Key Responsibilities
- Build and manage ML pipelines for training, validation, and inference.
- Automate deployment of deep learning and generative AI models.
- Ensure model versioning, rollback, and reproducibility.
- Deploy models on AWS, GCP, or Azure using Docker and Kubernetes.
- Optimize real-time inference using TensorRT, ONNX Runtime, or PyTorch.
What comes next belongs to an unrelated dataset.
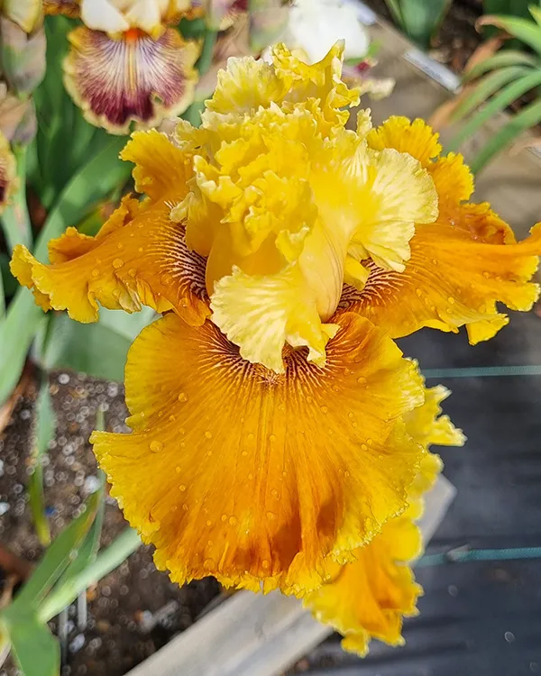 ‘Honey House’ (Barry Blyth, R. 2002). Seedling# H51-3. TB, 38″ (97 cm). Midseason to late bloom. Standards lemon yellow, deeper yellow around midrib, 1/4″ edge; falls yellow overlaid light tan deepening slightly at haft with few white haft marks, creamy lemon 1/4″ blended edge; beards white tipped old gold; heavily ruffled; sweet fragrance. ‘Power Of One’ X ‘Noble Contessa’. Tempo Two 2002/03.
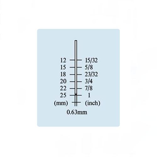 De nagel- of pin-maat voor MP625A Air Micro Pinner is klein en dun, maat 12-25 mm (15/32 tot 1 inch), GA23, DIA. 0,63 mm.

- Use GPUs, distributed systems, and parallel computing for performance.
- Create CI/CD workflows (GitHub Actions, Jenkins, ArgoCD) for ML.
- Automate model retraining, validation, and monitoring.
- Address data drift, latency, and compliance concerns.
What You Bring
- 3+ years in MLOps, DevOps, or model deployment roles.
- Strong Python and experience with ML frameworks (PyTorch, TensorFlow, ONNX).
- Proficiency with cloud platforms, Docker, and Kubernetes.
- Experience with ML tools like MLflow, Airflow, Kubeflow, or Argo.
- Knowledge of GPU acceleration (CUDA, TensorRT, DeepStream).
- Understanding of scalable, low-latency ML infrastructure.
Nice to Have
- Experience with Ray, Spark, or edge AI tools (Triton, TFLite, CoreML).
- Basic networking knowledge or CUDA programming skills.